**ACTIVITY**. Exact copies of all entries are expected.

**TASK MATERIAL**.

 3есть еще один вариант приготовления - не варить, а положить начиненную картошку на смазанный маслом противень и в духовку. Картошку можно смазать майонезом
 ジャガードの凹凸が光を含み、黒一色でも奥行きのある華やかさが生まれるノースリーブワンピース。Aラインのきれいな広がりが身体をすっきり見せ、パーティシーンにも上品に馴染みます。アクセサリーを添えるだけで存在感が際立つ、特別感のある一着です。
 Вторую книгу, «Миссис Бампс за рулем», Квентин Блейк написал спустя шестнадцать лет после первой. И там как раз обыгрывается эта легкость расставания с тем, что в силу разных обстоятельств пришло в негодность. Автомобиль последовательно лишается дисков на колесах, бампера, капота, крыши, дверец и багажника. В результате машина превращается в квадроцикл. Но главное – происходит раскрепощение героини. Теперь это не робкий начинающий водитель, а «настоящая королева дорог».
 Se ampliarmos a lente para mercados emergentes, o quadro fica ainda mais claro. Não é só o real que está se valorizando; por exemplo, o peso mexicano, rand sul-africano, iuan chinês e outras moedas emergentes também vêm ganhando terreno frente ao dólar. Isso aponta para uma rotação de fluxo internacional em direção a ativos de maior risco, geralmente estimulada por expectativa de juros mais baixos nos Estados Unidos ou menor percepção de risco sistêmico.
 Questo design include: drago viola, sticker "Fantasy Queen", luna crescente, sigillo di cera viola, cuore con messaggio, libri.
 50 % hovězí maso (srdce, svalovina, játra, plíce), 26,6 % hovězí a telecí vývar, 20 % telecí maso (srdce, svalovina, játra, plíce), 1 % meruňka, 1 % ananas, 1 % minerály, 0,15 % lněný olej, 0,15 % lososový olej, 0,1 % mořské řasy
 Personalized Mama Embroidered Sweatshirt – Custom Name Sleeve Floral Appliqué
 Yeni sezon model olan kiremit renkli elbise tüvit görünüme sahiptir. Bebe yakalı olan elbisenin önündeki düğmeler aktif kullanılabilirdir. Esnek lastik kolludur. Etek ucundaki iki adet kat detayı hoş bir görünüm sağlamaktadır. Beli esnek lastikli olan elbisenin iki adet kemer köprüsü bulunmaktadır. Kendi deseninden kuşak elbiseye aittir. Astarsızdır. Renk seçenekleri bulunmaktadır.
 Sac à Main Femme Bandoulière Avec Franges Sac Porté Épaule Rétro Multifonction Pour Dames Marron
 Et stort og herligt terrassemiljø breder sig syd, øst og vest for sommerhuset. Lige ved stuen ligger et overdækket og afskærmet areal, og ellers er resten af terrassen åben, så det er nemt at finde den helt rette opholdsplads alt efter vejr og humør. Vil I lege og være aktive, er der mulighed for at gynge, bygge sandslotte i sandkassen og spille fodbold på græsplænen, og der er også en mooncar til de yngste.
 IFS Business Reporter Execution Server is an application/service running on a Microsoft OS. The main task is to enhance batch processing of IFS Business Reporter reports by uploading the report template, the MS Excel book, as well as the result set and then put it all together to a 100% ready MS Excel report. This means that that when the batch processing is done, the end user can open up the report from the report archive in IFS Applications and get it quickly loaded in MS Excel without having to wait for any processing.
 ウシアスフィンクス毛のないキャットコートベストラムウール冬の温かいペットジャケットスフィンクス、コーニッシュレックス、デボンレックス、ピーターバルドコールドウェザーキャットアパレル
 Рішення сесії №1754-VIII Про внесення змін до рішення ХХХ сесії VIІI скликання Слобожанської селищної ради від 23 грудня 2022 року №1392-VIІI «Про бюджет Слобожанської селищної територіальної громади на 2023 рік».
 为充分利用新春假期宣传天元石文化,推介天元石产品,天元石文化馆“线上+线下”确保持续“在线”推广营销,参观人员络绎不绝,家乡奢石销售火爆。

**TASK ANSWER**.
 3есть еще один вариант приготовления - не варить, а положить начиненную картошку на смазанный маслом противень и в духовку. Картошку можно смазать майонезом
 ジャガードの凹凸が光を含み、黒一色でも奥行きのある華やかさが生まれるノースリーブワンピース。Aラインのきれいな広がりが身体をすっきり見せ、パーティシーンにも上品に馴染みます。アクセサリーを添えるだけで存在感が際立つ、特別感のある一着です。
 Вторую книгу, «Миссис Бампс за рулем», Квентин Блейк написал спустя шестнадцать лет после первой. И там как раз обыгрывается эта легкость расставания с тем, что в силу разных обстоятельств пришло в негодность. Автомобиль последовательно лишается дисков на колесах, бампера, капота, крыши, дверец и багажника. В результате машина превращается в квадроцикл. Но главное – происходит раскрепощение героини. Теперь это не робкий начинающий водитель, а «настоящая королева дорог».
 Se ampliarmos a lente para mercados emergentes, o quadro fica ainda mais claro. Não é só o real que está se valorizando; por exemplo, o peso mexicano, rand sul-africano, iuan chinês e outras moedas emergentes também vêm ganhando terreno frente ao dólar. Isso aponta para uma rotação de fluxo internacional em direção a ativos de maior risco, geralmente estimulada por expectativa de juros mais baixos nos Estados Unidos ou menor percepção de risco sistêmico.
 Questo design include: drago viola, sticker "Fantasy Queen", luna crescente, sigillo di cera viola, cuore con messaggio, libri.
 50 % hovězí maso (srdce, svalovina, játra, plíce), 26,6 % hovězí a telecí vývar, 20 % telecí maso (srdce, svalovina, játra, plíce), 1 % meruňka, 1 % ananas, 1 % minerály, 0,15 % lněný olej, 0,15 % lososový olej, 0,1 % mořské řasy
 Personalized Mama Embroidered Sweatshirt – Custom Name Sleeve Floral Appliqué
 Yeni sezon model olan kiremit renkli elbise tüvit görünüme sahiptir. Bebe yakalı olan elbisenin önündeki düğmeler aktif kullanılabilirdir. Esnek lastik kolludur. Etek ucundaki iki adet kat detayı hoş bir görünüm sağlamaktadır. Beli esnek lastikli olan elbisenin iki adet kemer köprüsü bulunmaktadır. Kendi deseninden kuşak elbiseye aittir. Astarsızdır. Renk seçenekleri bulunmaktadır.
 Sac à Main Femme Bandoulière Avec Franges Sac Porté Épaule Rétro Multifonction Pour Dames Marron
 Et stort og herligt terrassemiljø breder sig syd, øst og vest for sommerhuset. Lige ved stuen ligger et overdækket og afskærmet areal, og ellers er resten af terrassen åben, så det er nemt at finde den helt rette opholdsplads alt efter vejr og humør. Vil I lege og være aktive, er der mulighed for at gynge, bygge sandslotte i sandkassen og spille fodbold på græsplænen, og der er også en mooncar til de yngste.
 IFS Business Reporter Execution Server is an application/service running on a Microsoft OS. The main task is to enhance batch processing of IFS Business Reporter reports by uploading the report template, the MS Excel book, as well as the result set and then put it all together to a 100% ready MS Excel report. This means that that when the batch processing is done, the end user can open up the report from the report archive in IFS Applications and get it quickly loaded in MS Excel without having to wait for any processing.
 ウシアスフィンクス毛のないキャットコートベストラムウール冬の温かいペットジャケットスフィンクス、コーニッシュレックス、デボンレックス、ピーターバルドコールドウェザーキャットアパレル
 Рішення сесії №1754-VIII Про внесення змін до рішення ХХХ сесії VIІI скликання Слобожанської селищної ради від 23 грудня 2022 року №1392-VIІI «Про бюджет Слобожанської селищної територіальної громади на 2023 рік».
 为充分利用新春假期宣传天元石文化,推介天元石产品,天元石文化馆“线上+线下”确保持续“在线”推广营销,参观人员络绎不绝,家乡奢石销售火爆。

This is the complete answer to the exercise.